In patients with severe acute respiratory distress syndrome (ARDS), mechanical ventilation settings during the first 2 days of extracorporeal membrane oxygenation (ECMO) did not affect prognosis, according to a study published in the American Journal of Respiratory and Critical Care Medicine.

Researchers of the Ventilation Management of Patients With Extracorporeal Membrane Oxygenation for Acute Respiratory Distress Syndrome (LIFEGARDS) study examined current ventilator management of ECMO, adjunct therapies used, treatment complications, and the effect mechanical ventilation has on 6-month mortality of patients with severe ARDS. Patients included could receive either venoarterial or venovenous ECMO for acute respiratory failure. Baseline information collected before implantation included demographics, clinical evaluations, lung capacities, concomitant therapies, and ventilator settings. Case report forms collected daily clinical assessments and ECMO variables. Follow-up lasted for 6 months.

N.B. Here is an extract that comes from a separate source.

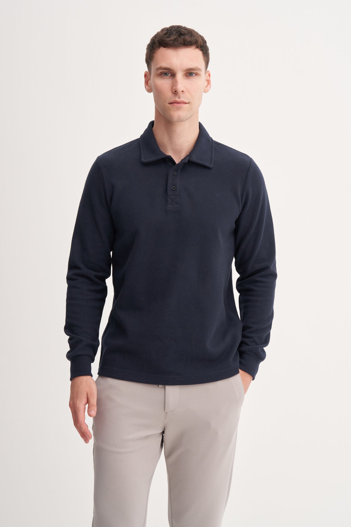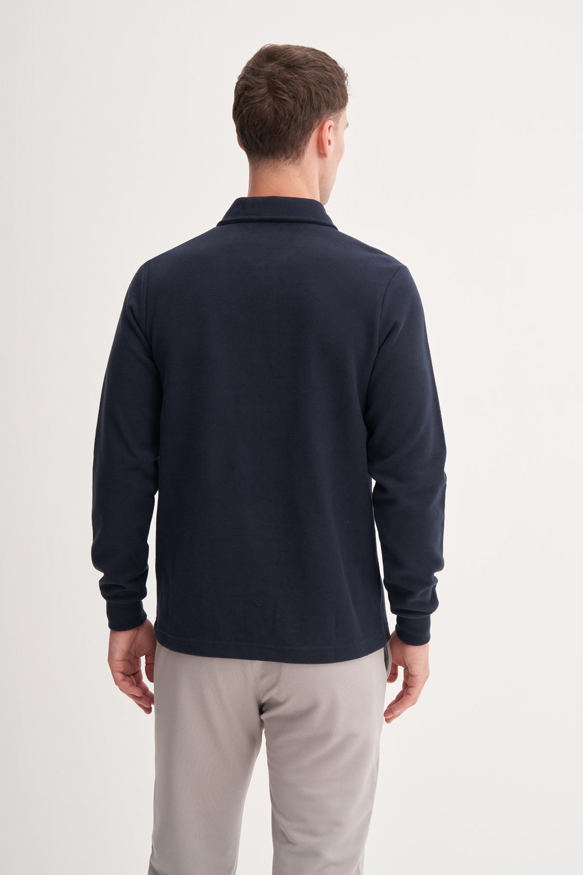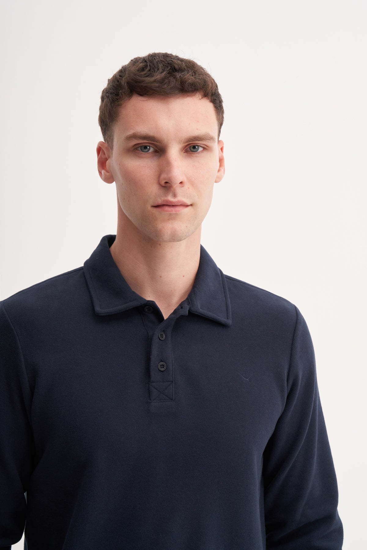 Slim Fit Polo Yaka Pamuk Karışımlı Selanik Sweatshirt-56460
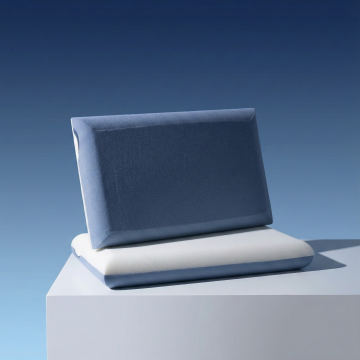 一位穿白色睡衣的女性,头部向右方向侧卧于参考图的枕上,不要改变参考图产品(呈现放松深睡姿态)。场景为深蓝夜空背景,点缀巨型朦胧满月,营造静谧氛围。构图以人物与枕具为视觉中心,满月作背景层次。色彩风格静谧高级,以白、深蓝为主,搭配满月的浅灰调,营造出太空深睡的氛围感。背景要素为深蓝夜空、巨型满月,无多余装饰,让记忆枕的舒适睡感与夜间深睡场景充分展现。比例3:4

Of the 350 patients included in the study, the mean age was 47, 65% were men, and 325 were classified with severe ARDS. Before ECMO initiation, 62% of patients were using neuromuscular blocking agents and 26% were using prone positioning. During treatment, 41% of patients used neuromuscular blocking agents and 6% used prone positioning.

After ECMO initiation, tidal volume, plateau pressure, driving pressure, mechanical power, and respiratory rate were significantly reduced during treatment (P <.001, for all). Follow-up data indicated 74% of patients weaned off ECMO, 66% survived discharge, and 61% survived ≥6 months.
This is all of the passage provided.